Why The Web Isn’t Semantic Yet
The semantic web. You’ve heard about it. What is it? Chances are, you don’t have a completely clear idea. But why isn’t the web “semantic” yet?
First, it’s complex to understand. There are tons of standards around it – RDF, RDFa, RDFS, URI, OWL, SPARQL, etc. It’s hard to get started, because you have to put a lot of unfamiliar stuff in your head. Compare that to the simple, old web page using HTML, where you write some tags and you have a webpage. Pretty easy.
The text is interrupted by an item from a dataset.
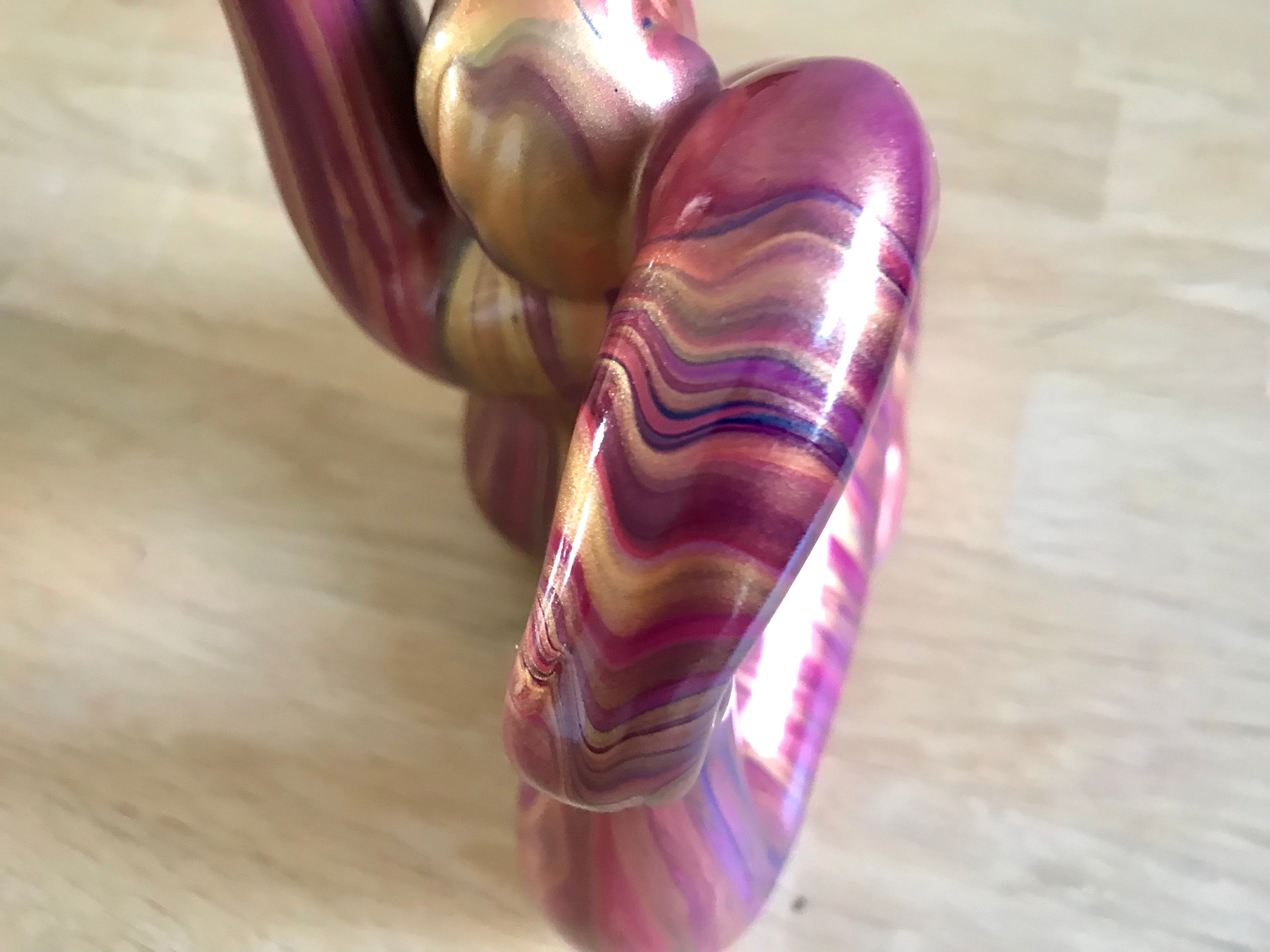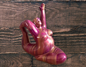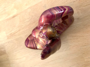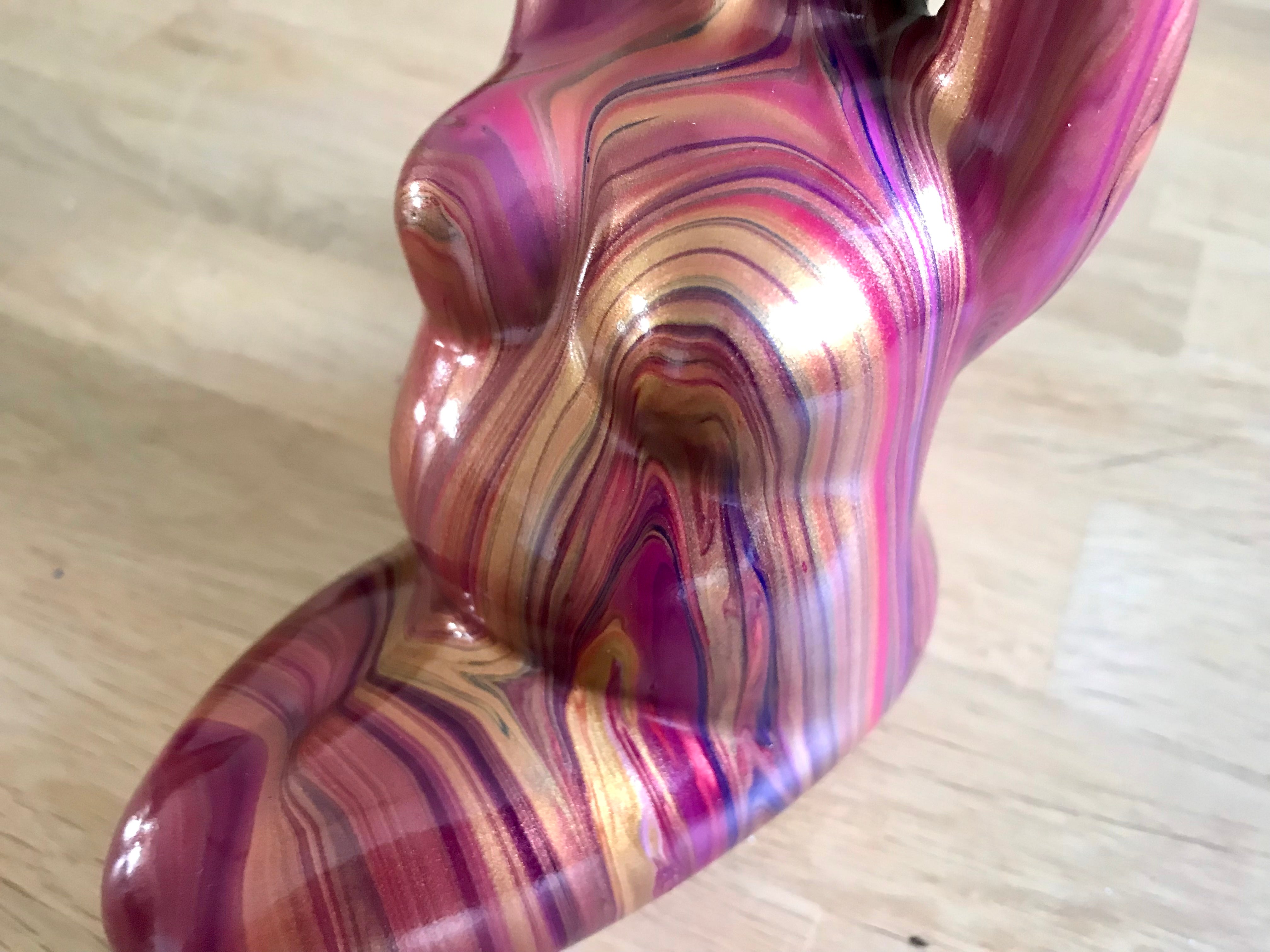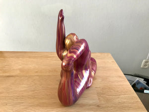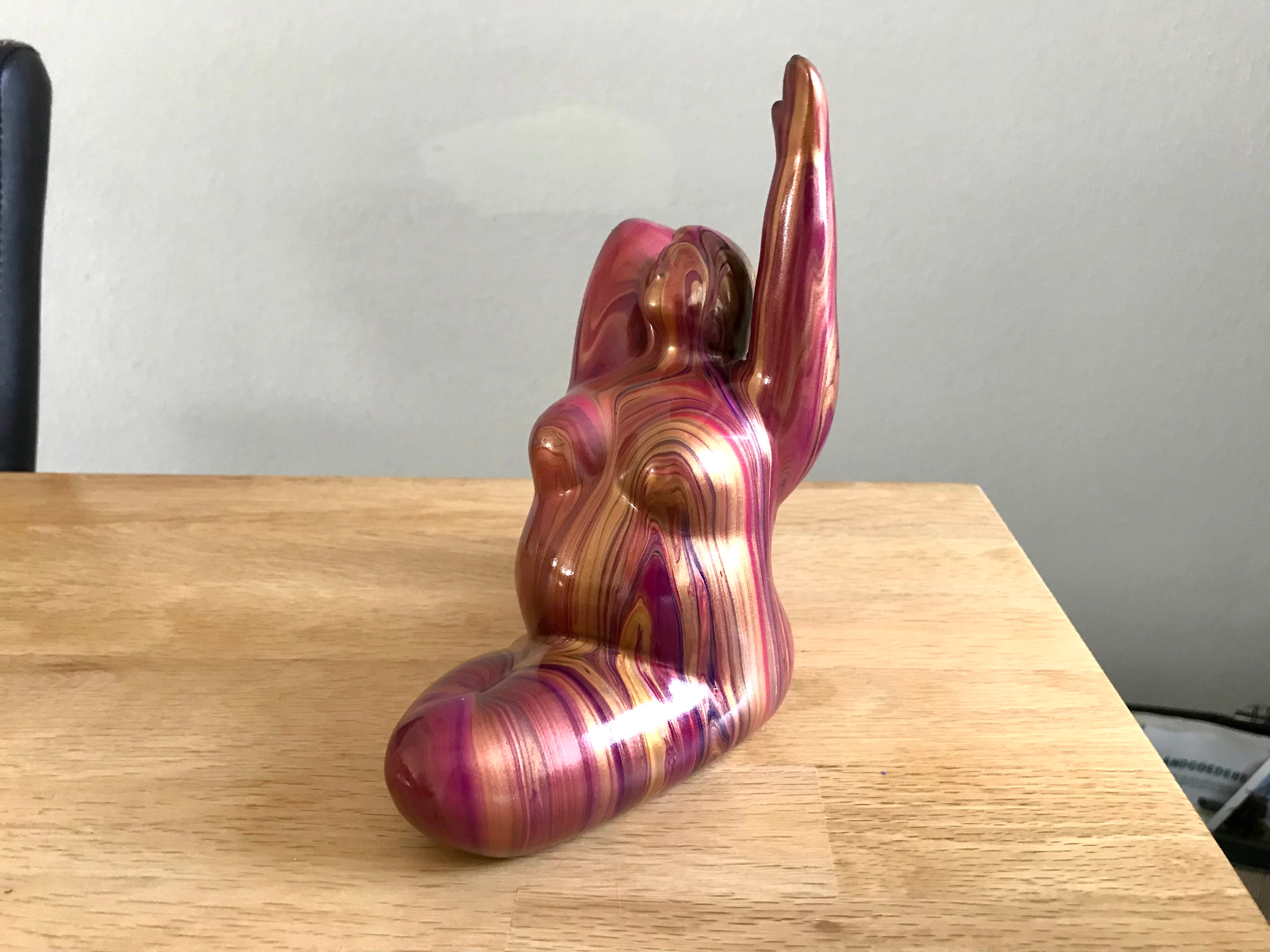 Overgoten beeldje van aardewerk, afgewerkt met een prachtige lak.
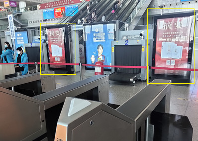 媒體位置/形式:南北安檢口滾動燈箱 媒體規(guī)格:高1.8m*寬1.0m 起售數(shù)量:20幅 每座媒體畫面數(shù)量:6幅 媒體數(shù)量:20臺 刊播秒數(shù):25秒 媒體報價:50萬/組/月,500萬/組/年 |

Complexity wouldn’t be that much of an issue, if there were visible benefits. What the semantic web relies on, is that every website should conform to a semantic notion (e.g. use RDF). But what if you expose your data in a structured way? Nothing. Yes, you page becomes easier to make sense of my machines, but you don’t get anything. Why would a web shop or a social network or a personal website be “semanticized”? It requires extra effort for some invisible and hard to understand benefits. Note that I’m not saying there aren’t benefits – there certainly are, but they are too far away from the mind of the average website / online business owner.
It’s a bit of a chicken-and-egg problem – there’s no immediate benefit, and so people are not making their web sites semantic. And because there are so few semantic websites, there aren’t any popular products that would provide the desired benefit. And here comes one great example – the Facebook Open Graph protocol. It is a proprietary solution (never mind the “open” in the title) that defines a way to provide metadata about a web page. Something that RDF (among other things) is supposed to do. Yet, Facebook considered RDF to be too complex (the first point above) and “invented” a new thing. And guess what – everyone is using it. Because it provides immediate benefit – your page becomes “facebook friendly”, and since millions are on Facebook, it is important to expose your metadata. The Open Graph protocol is rather limited, of course, but it shows that in order for the web to become more semantic, website owners need a business incentive.
My last point is about openness and collaboration. The premise of the semantic web is that people would like to make their data usable by others. This post from 2007 is quite skeptical about it. Many websites do not provide RSS feeds or APIs, hide their data under password-protected realms, ban scrapers (even if they do not put any significant load). Because their data is their asset, and they aren’t willing to give it out for free.
So, instead of relying on the web being semantic, companies and open source projects appear that try to make sense of the unstructured data on the web. Data, that is useful to 3rd parties, but website owners do not give out.
Combining the three factors, what we need is a way to incentivize website owners to use more semantic technologies and make them want to make their data public (because of that same incentive). And of course, try to make it a bit simpler to get started. All of that, assuming that it is good to have a semantic web, a web of data that makes sense to machines. It looks like the right cause, but we are not there yet.